Raw data below:

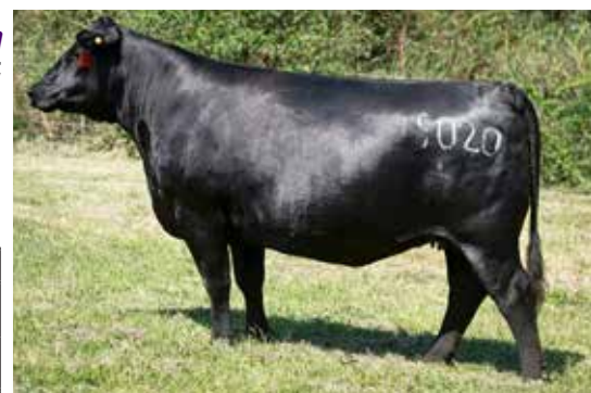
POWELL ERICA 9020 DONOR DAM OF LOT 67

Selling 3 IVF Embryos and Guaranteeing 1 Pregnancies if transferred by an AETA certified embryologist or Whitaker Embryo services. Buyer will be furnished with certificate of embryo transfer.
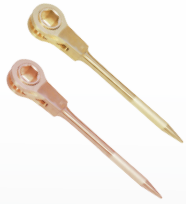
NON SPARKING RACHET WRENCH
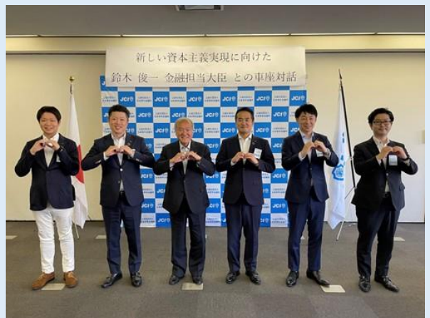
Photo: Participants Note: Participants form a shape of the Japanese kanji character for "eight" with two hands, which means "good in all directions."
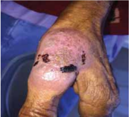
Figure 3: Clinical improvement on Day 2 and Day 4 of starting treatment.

End of Raw data.
Raw data below:

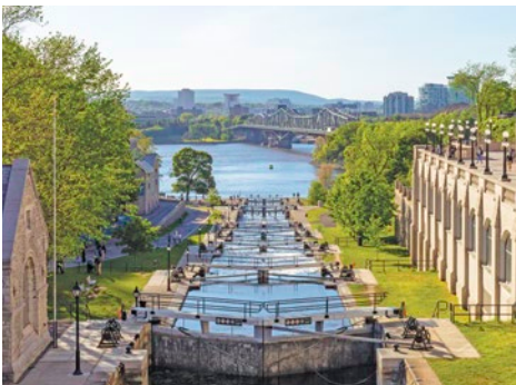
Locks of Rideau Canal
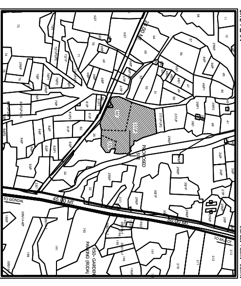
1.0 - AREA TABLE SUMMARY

End of Raw data.
Raw data below:

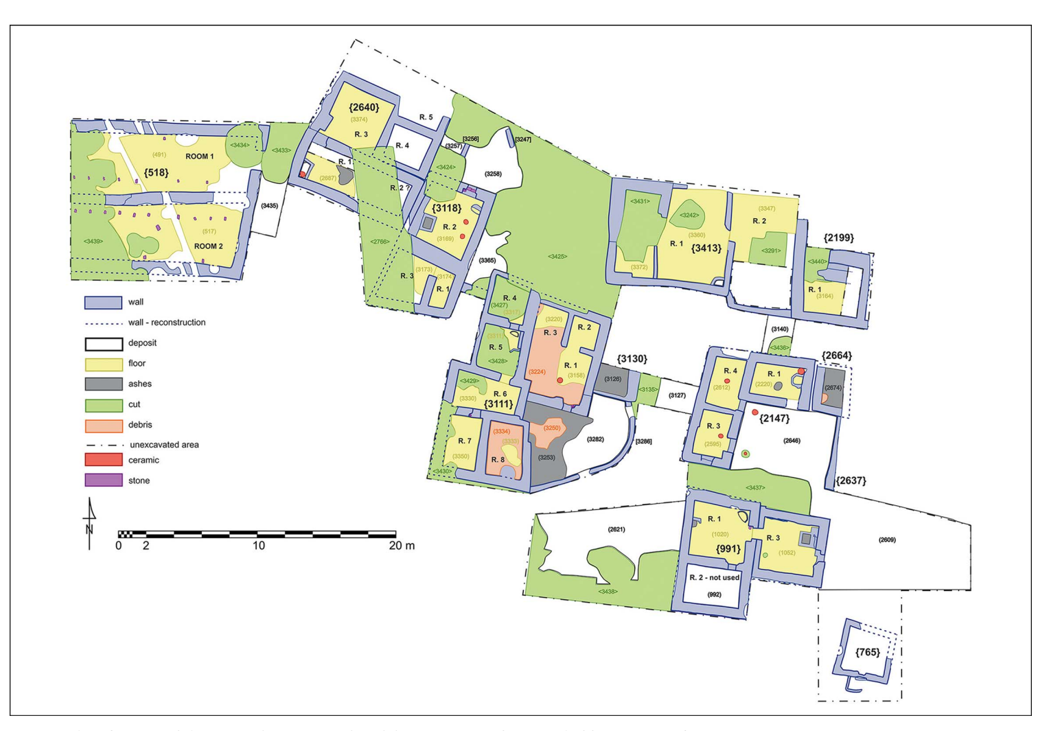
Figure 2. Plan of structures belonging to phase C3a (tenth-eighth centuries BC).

End of Raw data.

### Prompt
Copy back exactly the lines above from the one containing "NON SPARKING RACHET WRENCH" through the one containing "Figure 3: Clinical", and leave every picture behind.

### Answer to the problem
NON SPARKING RACHET WRENCH
Photo: Participants Note: Participants form a shape of the Japanese kanji character for "eight" with two hands, which means "good in all directions."
Figure 3: Clinical improvement on Day 2 and Day 4 of starting treatment.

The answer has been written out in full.